#### What is needed:
Drop the images; return everything else in the listing below exactly.

#### Data segment:

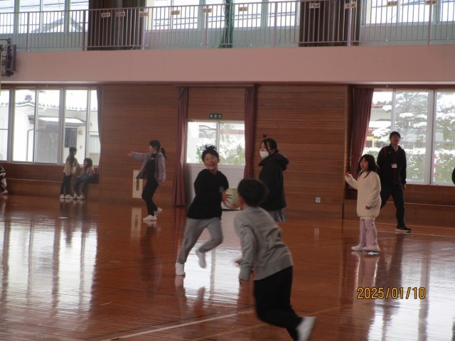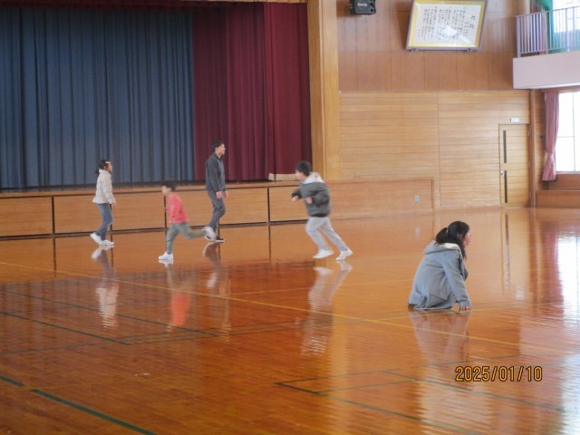 寒い体育館を元気いっぱい動き回って遊んでいます。
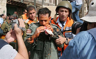 שוטר מג"ב פצוע, הבוקר בחברון (צילום: דודי ועקנין)
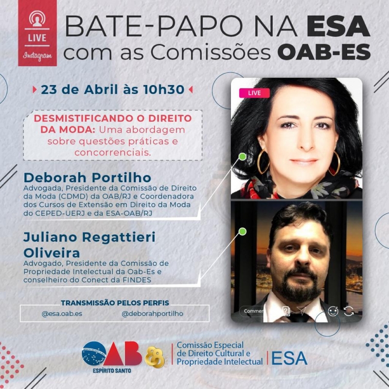 A transmissão acontecerá às 10h30 e será transmitida pelos perfis @esa.oab.es e @deborahportilho.

#### Task output:
 寒い体育館を元気いっぱい動き回って遊んでいます。
 שוטר מג"ב פצוע, הבוקר בחברון (צילום: דודי ועקנין)
 A transmissão acontecerá às 10h30 e será transmitida pelos perfis @esa.oab.es e @deborahportilho.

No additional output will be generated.